Los Angeles based film composer is looking for a technical assistant with compositional aspirations to start immediately. 

*- MUST be proficient in Cubase and ProTools (Logic is NOT used)* 

- Musical versatility is necessary and must be evident on the reel 

- Live recording experience is preferred (bonus if the candidate has worked in a studio previously) 

- Must also be competent in the following: Vienna Ensemble Pro, Virtual Synths, Various Sample Libraries 

- Assistant will be expected to troubleshoot the above programs quickly and efficiently so the ability to problem solve creatively is necessary 

The job will predominantly entail working on commercials and video games. The position will also require a serious time commitment and schedule flexibility. 
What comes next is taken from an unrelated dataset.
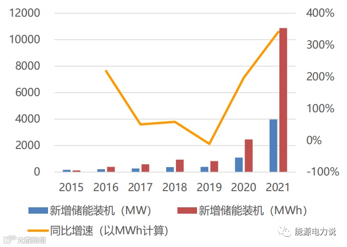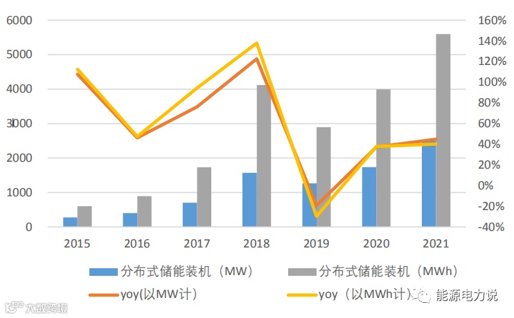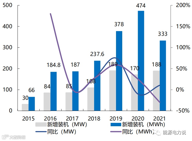中国储能装机近两年处于高速增长,2020年新增储能装机达1.37GW/2.48GWh,同比增长153%/189%,2021年新增储能装机达2.45GW/4.61GWh,同比增长79%/86%,其中最主要的贡献来自于我国的集中式储能装机,我国分布式储能仍处于发展初期,经济性不高,2021年分布式储能装机为188MW/333MWh,同比+11%/-30%,集中式储能占比超90%。

Please email Emily with your resume and reel (SoundCloud link preferred) if you feel you fit the above qualifications. 

- [email protected]


----------



## JohnG

Hi Emily,

Great to have you looking for an assistant. Please post once, in one forum, not repeatedly in multiple forums.


----------



## Rctec

That's why she needs a good assistant, John


----------



## EastWest Lurker

She is not a Logic user, so by definition, she is unfit to work for


----------



## Nick Batzdorf

Emily, you might want to contact the Berklee Alumni Center. They'll be able to circulate your position to credible candidates:

http://www.berklee.edu/berklee-center-in-los-angeles


----------



## Lex

Rctec @ Tue Apr 15 said:


> That's why she needs a good assistant, John



LOL!


----------



## AR

Hey Jay, still on Mac? what a shame.


----------